§ Aim of the task: Exclude the pictures, then restate every entry below exactly.

(Provided information begins)

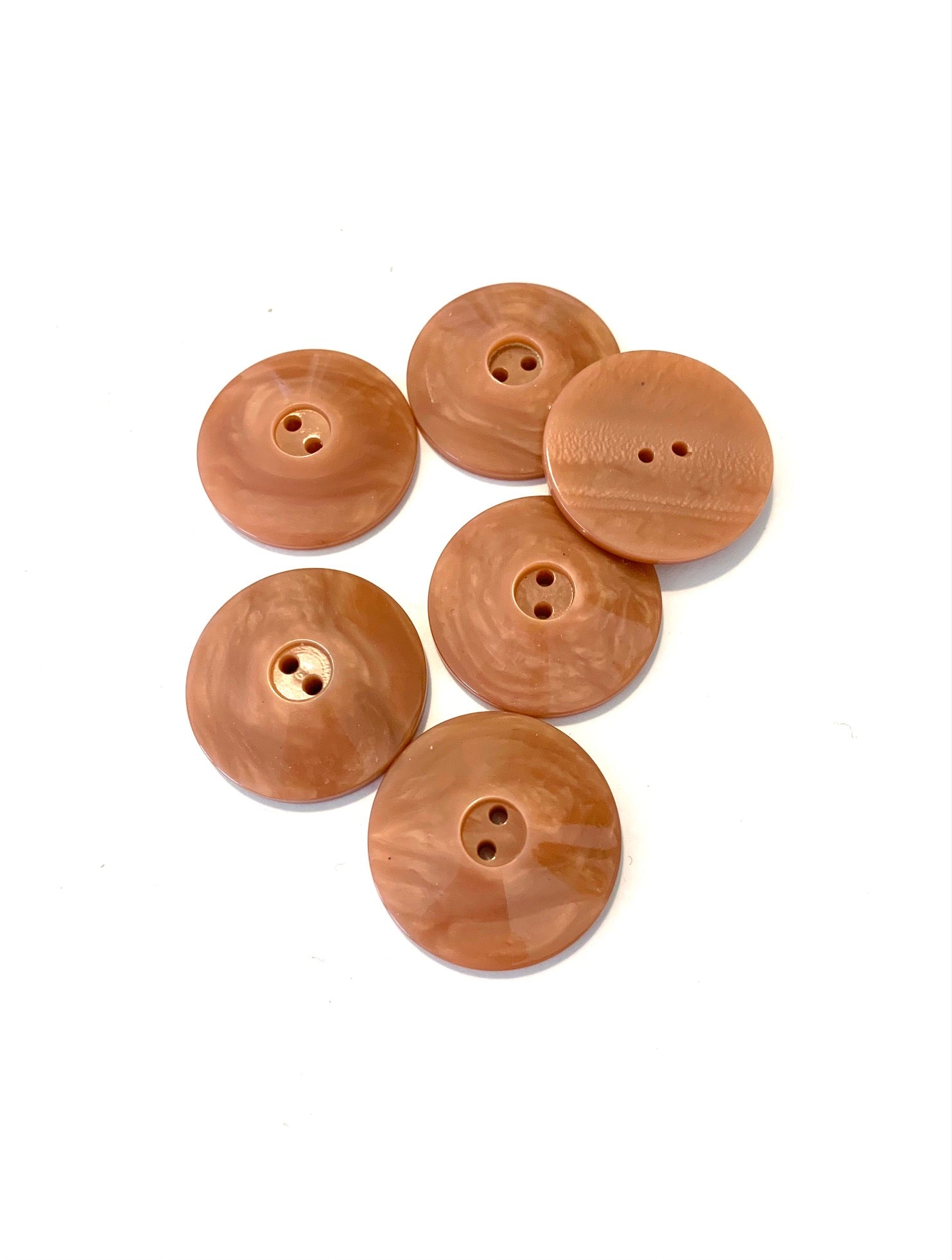 Vaaleanpunainen muovinappi. Halkaisija 2,5 cm.
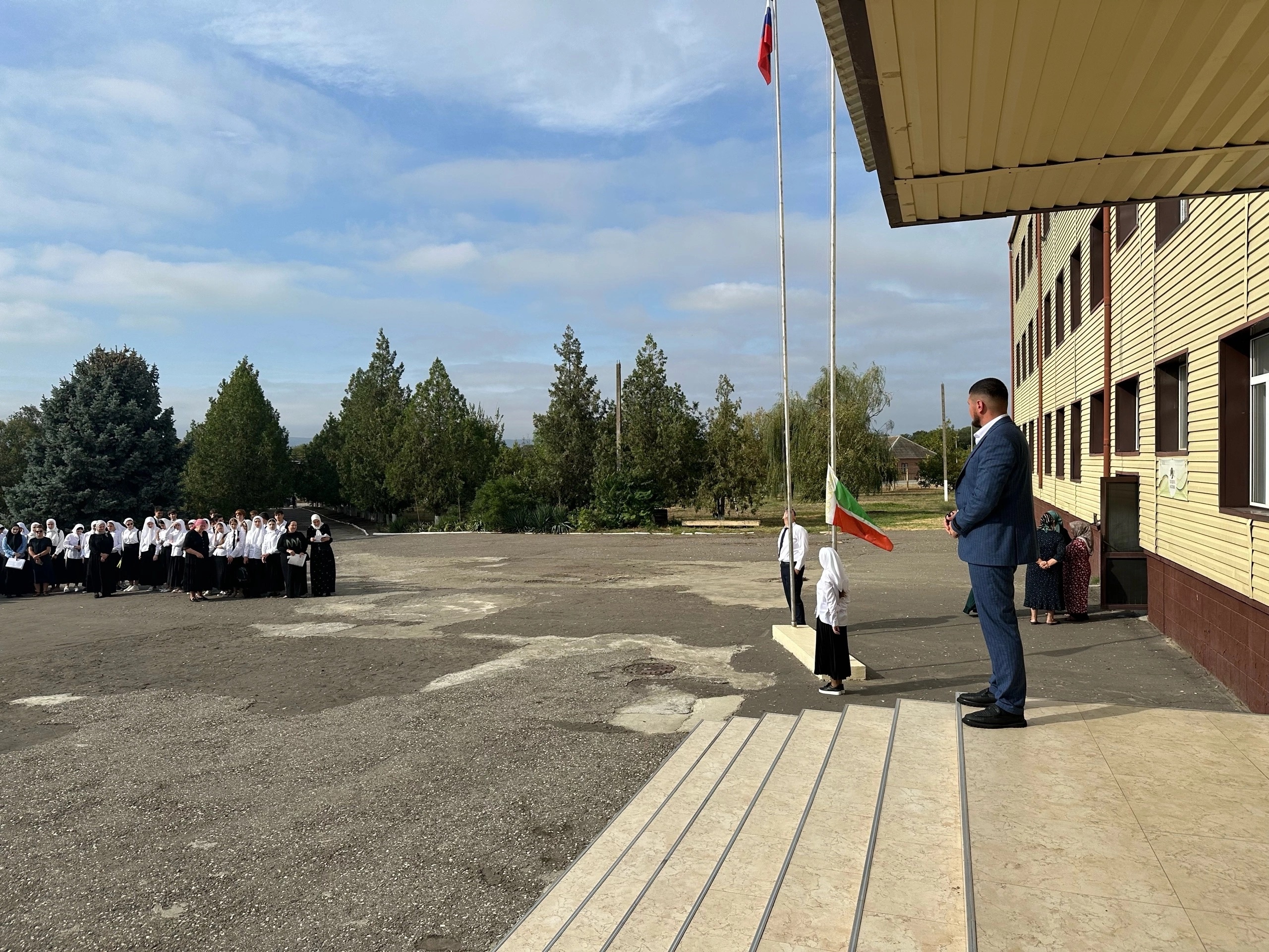 09.09.2024Рабочая неделя в МБОУ «Наурская СОШ 2» уже традиционно начинается с поднятия государственных флагов и звучания гимнов РФ ЧР.
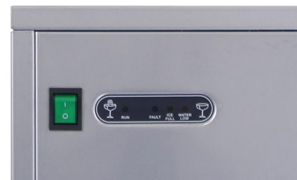 Интуитивно понятный интерфейс с индикаторами работы, заполненности бункера льдом, недостатка воды в емкости.
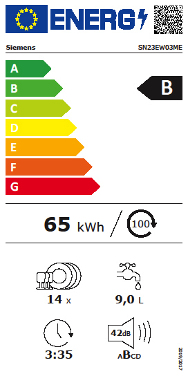 | Energieeffizienzklasse Geschirrspüler (2019/2017/EU) | B |
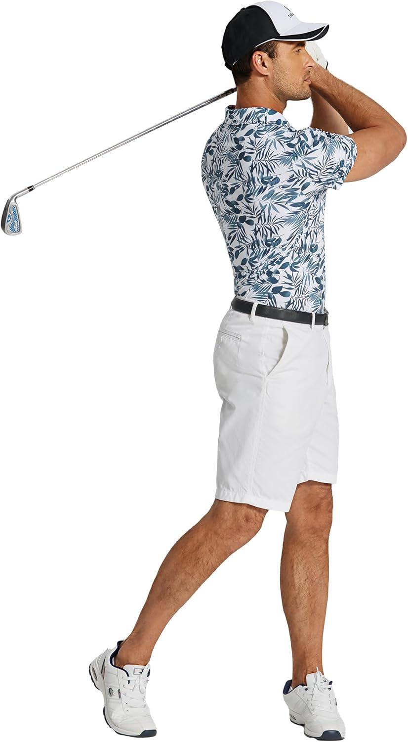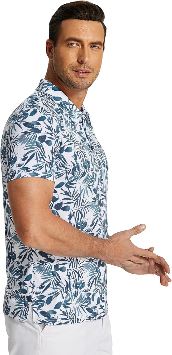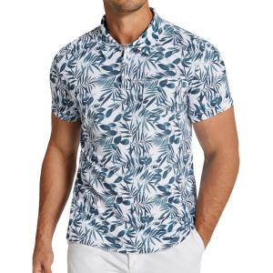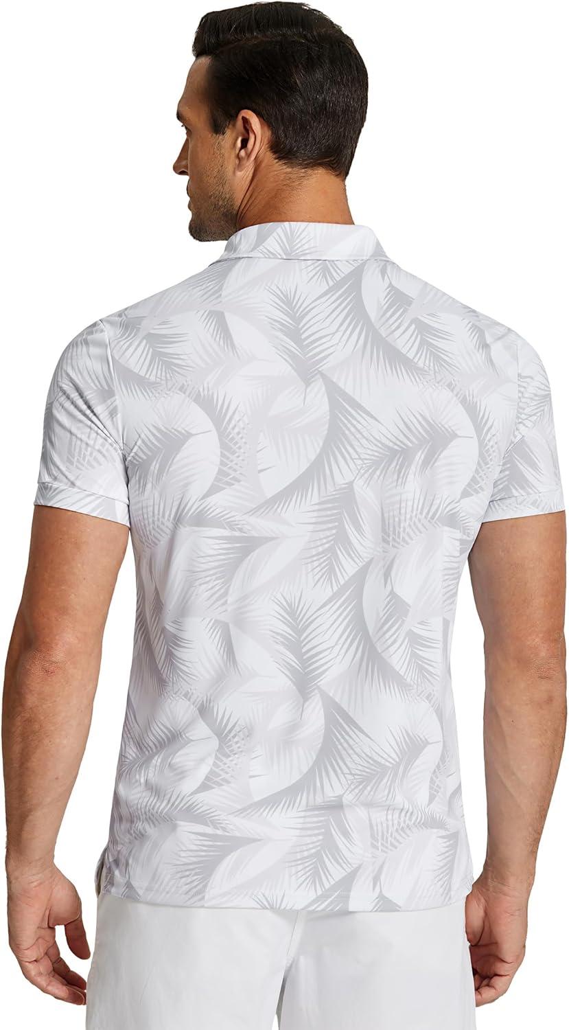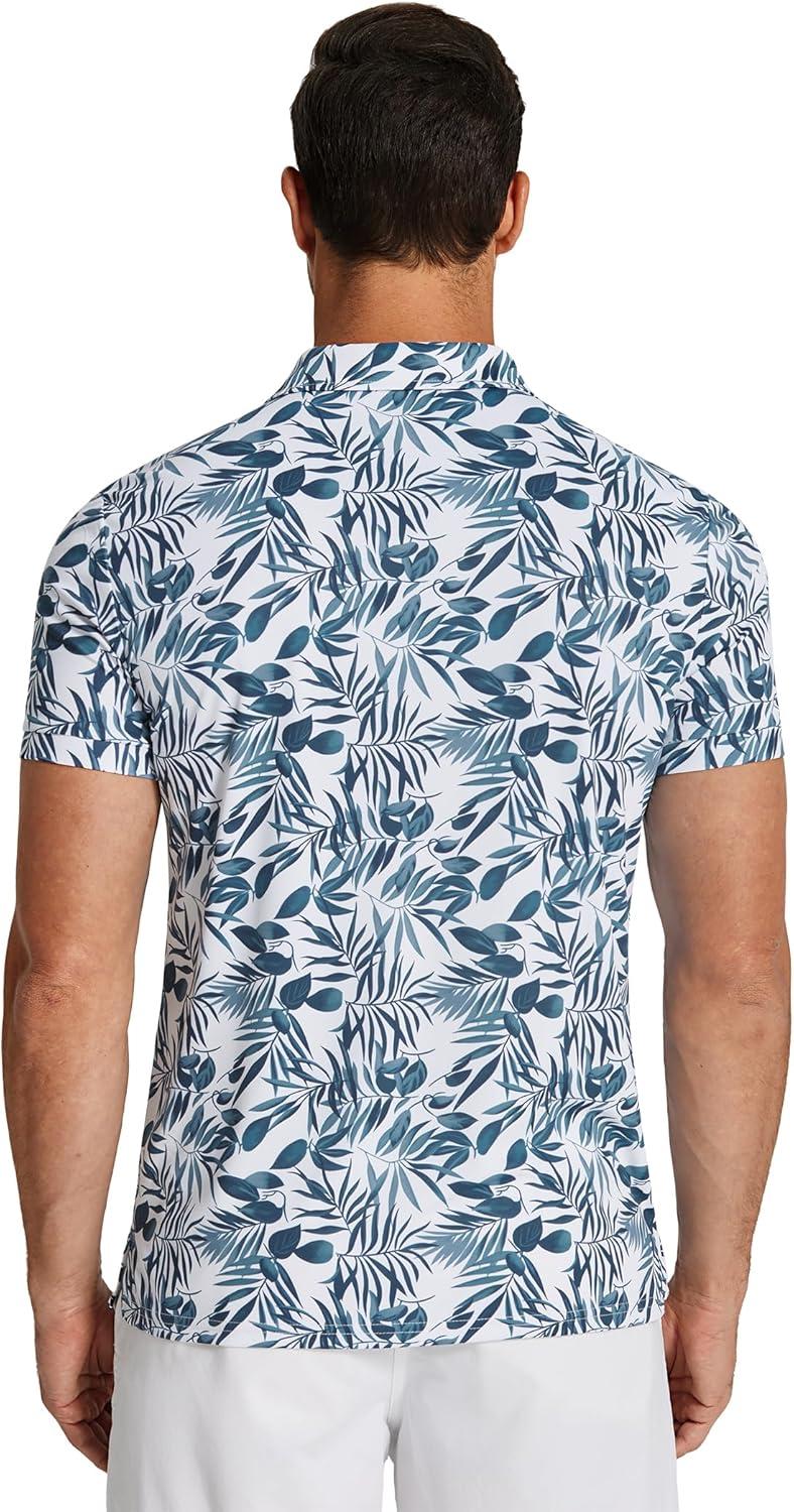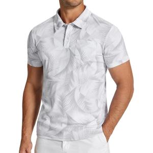 COOFANDY Men’s Polo Shirts Short Sleeve Print Performance Golf Shirts Fashion Casual Beach Collared T-Shirts(White (Grey Blue Leaf))
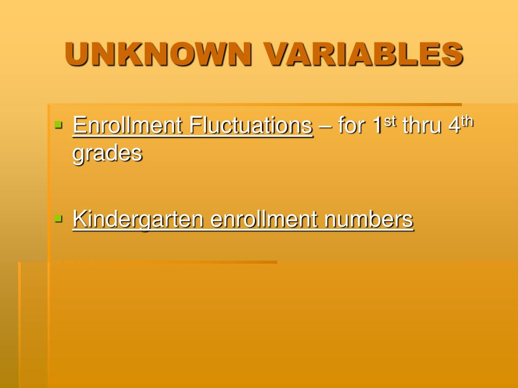 UNKNOWN VARIABLES • Enrollment Fluctuations – for 1st thru 4th grades • Kindergarten enrollment numbers
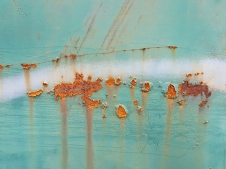 rusty iron wall from which paint has peeled off in places and rust has emerged
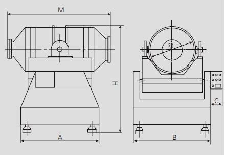 二維混料機首要由轉筒、擺動架、基架三大局部組成。轉筒裝在擺動架上,由四個滾輪支持并由兩個擋輪對其停止軸向定位,在四個支持滾輪中,此中兩個傳動輪由動彈能源體系拖動使轉筒產生動彈,擺動架由一組曲柄擺桿機構來驅動,曲柄擺桿機構裝在機架上,擺動架由軸承組件支持在機架上。
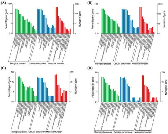 Gene Ontology (GO) annotation of differentially expressed genes (DEGs) detected in WS vs. LS (A), WF vs. LF (B), LS vs. IS (C), and LF vs. IF (D) of broomcorn millet. X-axis represents the GO terms of three categories, i.e., biological process, cellular component, and molecular function. Y-axis represent the number of DEGs annotated to the GO term (right) and percentage of number of DEGs annotated in all DEGs (left). WS, LS, and IS indicate wild types, landraces, and improved cultivars at seedling stage, respectively; WF, LF, and IF present wild types, landraces, and improved cultivars at filling stage, respectively.
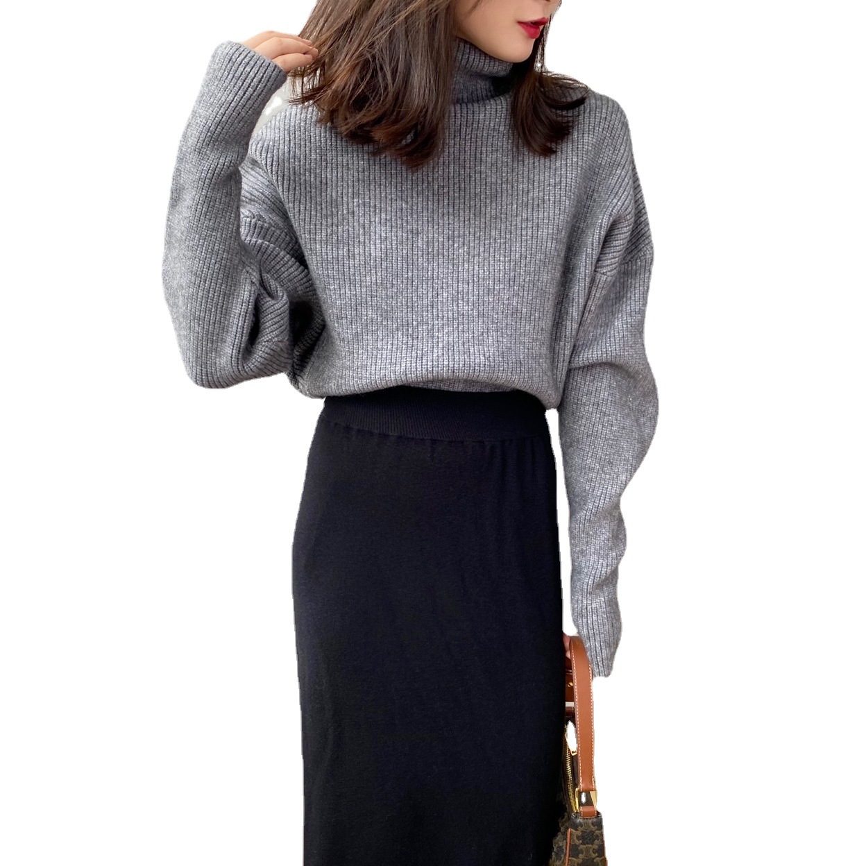 Jiazhi الخريف المرأة 2023 جديد بلون سترة مزاجه سميكة عالية الرقبة قاعدة طويلة الأكمام البلوز 8T3050
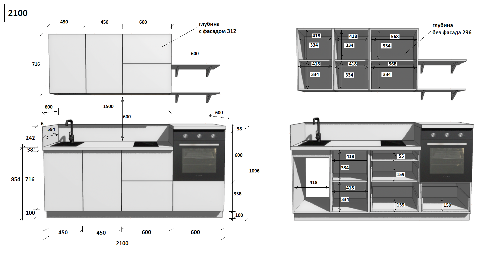 — Цельная столешница: без стыков и зазоров — больше гигиеничности и удобства в уборке.
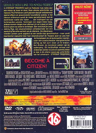 In STARSHIP TROOPERS heeft de Federatie hulp nodig voor een missie op leven en dood. Deze ultieme actie-thriller van regisseur Paul Verhoeven wordt geprezen door de verbijsterende special effects en geavanceerde futuristische scènes. In het nieuwe millennium wordt de mens geconfronteerd met de dodelijkste vijand aller tijden ..... een intelligent ras van buitenaardse wezens. Sommige zijn negen meter hoog, anderen kunnen vliegen maar allemaal zijn ze in staat om ieder levend wezen op aarde te vernietigen. Dan verschijnt de jonge Johnny Rico, een onverschrokken vrijheidsstrijder die zich aansluit bij een elite-eenheid van de infanterie. Zijn bloedmooie vriendin Carmen wordt opgeleid tot een eerste klas gevechtspiloot - maar wordt tegelijkertijd ingepalmd door haar vlieginstructeur! De Troopers gaan op weg naar de thuisplaneet van de buitenaardse insecten, waar een grootscheepse intergalactische oorlog op het punt staat uit te breken. Hun missie: de mensheid redden van de ondergang. Dit heldhaftige verhaal met zinderende scènes vol actie en spanning sleept je mee in dé ultieme space-age actie-thriller van het universum - STARSHIP TROOPERS!

(Provided information ends)

§ Completed exercise:
 Vaaleanpunainen muovinappi. Halkaisija 2,5 cm.
 09.09.2024Рабочая неделя в МБОУ «Наурская СОШ 2» уже традиционно начинается с поднятия государственных флагов и звучания гимнов РФ ЧР.
 Интуитивно понятный интерфейс с индикаторами работы, заполненности бункера льдом, недостатка воды в емкости.
 | Energieeffizienzklasse Geschirrspüler (2019/2017/EU) | B |
 COOFANDY Men’s Polo Shirts Short Sleeve Print Performance Golf Shirts Fashion Casual Beach Collared T-Shirts(White (Grey Blue Leaf))
 UNKNOWN VARIABLES • Enrollment Fluctuations – for 1st thru 4th grades • Kindergarten enrollment numbers
 rusty iron wall from which paint has peeled off in places and rust has emerged
 二維混料機首要由轉筒、擺動架、基架三大局部組成。轉筒裝在擺動架上,由四個滾輪支持并由兩個擋輪對其停止軸向定位,在四個支持滾輪中,此中兩個傳動輪由動彈能源體系拖動使轉筒產生動彈,擺動架由一組曲柄擺桿機構來驅動,曲柄擺桿機構裝在機架上,擺動架由軸承組件支持在機架上。
 Gene Ontology (GO) annotation of differentially expressed genes (DEGs) detected in WS vs. LS (A), WF vs. LF (B), LS vs. IS (C), and LF vs. IF (D) of broomcorn millet. X-axis represents the GO terms of three categories, i.e., biological process, cellular component, and molecular function. Y-axis represent the number of DEGs annotated to the GO term (right) and percentage of number of DEGs annotated in all DEGs (left). WS, LS, and IS indicate wild types, landraces, and improved cultivars at seedling stage, respectively; WF, LF, and IF present wild types, landraces, and improved cultivars at filling stage, respectively.
 Jiazhi الخريف المرأة 2023 جديد بلون سترة مزاجه سميكة عالية الرقبة قاعدة طويلة الأكمام البلوز 8T3050
 — Цельная столешница: без стыков и зазоров — больше гигиеничности и удобства в уборке.
 In STARSHIP TROOPERS heeft de Federatie hulp nodig voor een missie op leven en dood. Deze ultieme actie-thriller van regisseur Paul Verhoeven wordt geprezen door de verbijsterende special effects en geavanceerde futuristische scènes. In het nieuwe millennium wordt de mens geconfronteerd met de dodelijkste vijand aller tijden ..... een intelligent ras van buitenaardse wezens. Sommige zijn negen meter hoog, anderen kunnen vliegen maar allemaal zijn ze in staat om ieder levend wezen op aarde te vernietigen. Dan verschijnt de jonge Johnny Rico, een onverschrokken vrijheidsstrijder die zich aansluit bij een elite-eenheid van de infanterie. Zijn bloedmooie vriendin Carmen wordt opgeleid tot een eerste klas gevechtspiloot - maar wordt tegelijkertijd ingepalmd door haar vlieginstructeur! De Troopers gaan op weg naar de thuisplaneet van de buitenaardse insecten, waar een grootscheepse intergalactische oorlog op het punt staat uit te breken. Hun missie: de mensheid redden van de ondergang. Dit heldhaftige verhaal met zinderende scènes vol actie en spanning sleept je mee in dé ultieme space-age actie-thriller van het universum - STARSHIP TROOPERS!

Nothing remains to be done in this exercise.